ABOUT THIS TASK
The entries below contain pictures. Retype everything except those pictures, exactly as given.

** DATASET follows **

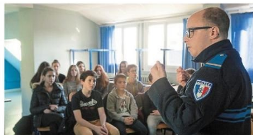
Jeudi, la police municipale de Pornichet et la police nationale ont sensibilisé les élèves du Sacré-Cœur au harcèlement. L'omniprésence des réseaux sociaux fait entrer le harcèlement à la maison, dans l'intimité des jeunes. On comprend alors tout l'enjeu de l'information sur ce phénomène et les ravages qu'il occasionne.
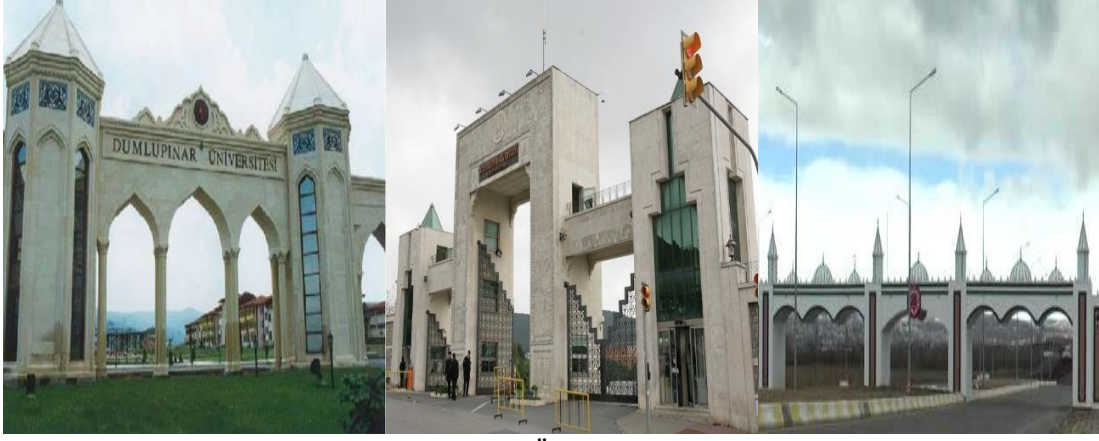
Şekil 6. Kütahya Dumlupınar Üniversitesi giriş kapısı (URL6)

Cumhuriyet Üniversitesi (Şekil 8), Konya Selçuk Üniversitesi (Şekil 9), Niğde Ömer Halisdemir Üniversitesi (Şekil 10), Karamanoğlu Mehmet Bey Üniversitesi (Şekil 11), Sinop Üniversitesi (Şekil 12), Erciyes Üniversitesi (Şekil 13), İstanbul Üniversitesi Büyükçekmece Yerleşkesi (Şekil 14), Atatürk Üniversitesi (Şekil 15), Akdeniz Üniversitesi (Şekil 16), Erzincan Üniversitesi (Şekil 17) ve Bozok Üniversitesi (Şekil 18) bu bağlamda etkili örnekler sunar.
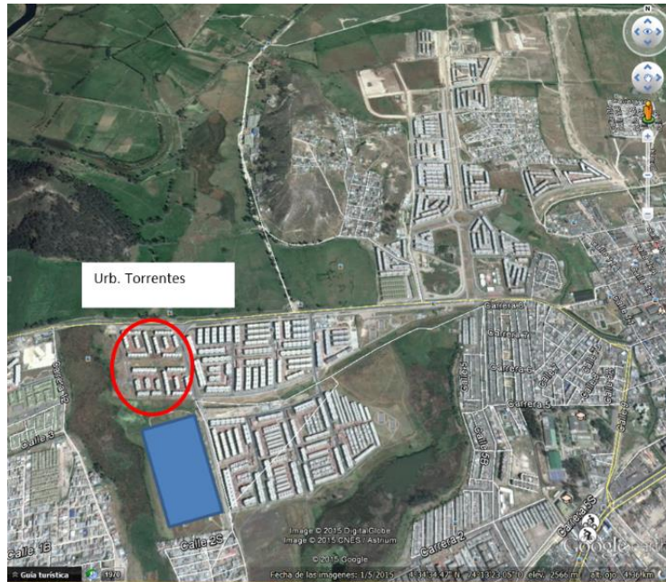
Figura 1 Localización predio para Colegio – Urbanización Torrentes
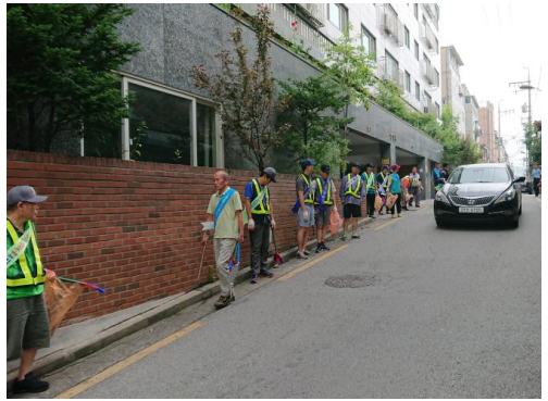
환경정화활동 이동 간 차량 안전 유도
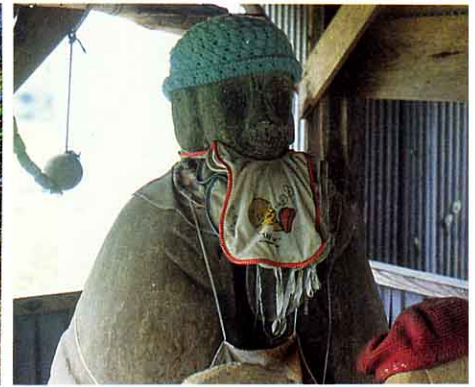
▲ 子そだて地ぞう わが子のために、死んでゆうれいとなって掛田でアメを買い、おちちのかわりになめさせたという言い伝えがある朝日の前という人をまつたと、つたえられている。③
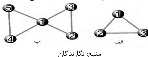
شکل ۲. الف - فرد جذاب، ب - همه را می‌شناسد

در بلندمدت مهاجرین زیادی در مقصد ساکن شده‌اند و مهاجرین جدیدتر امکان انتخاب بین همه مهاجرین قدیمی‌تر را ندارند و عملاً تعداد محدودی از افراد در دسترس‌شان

** End of DATASET **

TASK RESPONSE
Jeudi, la police municipale de Pornichet et la police nationale ont sensibilisé les élèves du Sacré-Cœur au harcèlement. L'omniprésence des réseaux sociaux fait entrer le harcèlement à la maison, dans l'intimité des jeunes. On comprend alors tout l'enjeu de l'information sur ce phénomène et les ravages qu'il occasionne.
Şekil 6. Kütahya Dumlupınar Üniversitesi giriş kapısı (URL6)

Cumhuriyet Üniversitesi (Şekil 8), Konya Selçuk Üniversitesi (Şekil 9), Niğde Ömer Halisdemir Üniversitesi (Şekil 10), Karamanoğlu Mehmet Bey Üniversitesi (Şekil 11), Sinop Üniversitesi (Şekil 12), Erciyes Üniversitesi (Şekil 13), İstanbul Üniversitesi Büyükçekmece Yerleşkesi (Şekil 14), Atatürk Üniversitesi (Şekil 15), Akdeniz Üniversitesi (Şekil 16), Erzincan Üniversitesi (Şekil 17) ve Bozok Üniversitesi (Şekil 18) bu bağlamda etkili örnekler sunar.
Figura 1 Localización predio para Colegio – Urbanización Torrentes
환경정화활동 이동 간 차량 안전 유도
▲ 子そだて地ぞう わが子のために、死んでゆうれいとなって掛田でアメを買い、おちちのかわりになめさせたという言い伝えがある朝日の前という人をまつたと、つたえられている。③
شکل ۲. الف - فرد جذاب، ب - همه را می‌شناسد

در بلندمدت مهاجرین زیادی در مقصد ساکن شده‌اند و مهاجرین جدیدتر امکان انتخاب بین همه مهاجرین قدیمی‌تر را ندارند و عملاً تعداد محدودی از افراد در دسترس‌شان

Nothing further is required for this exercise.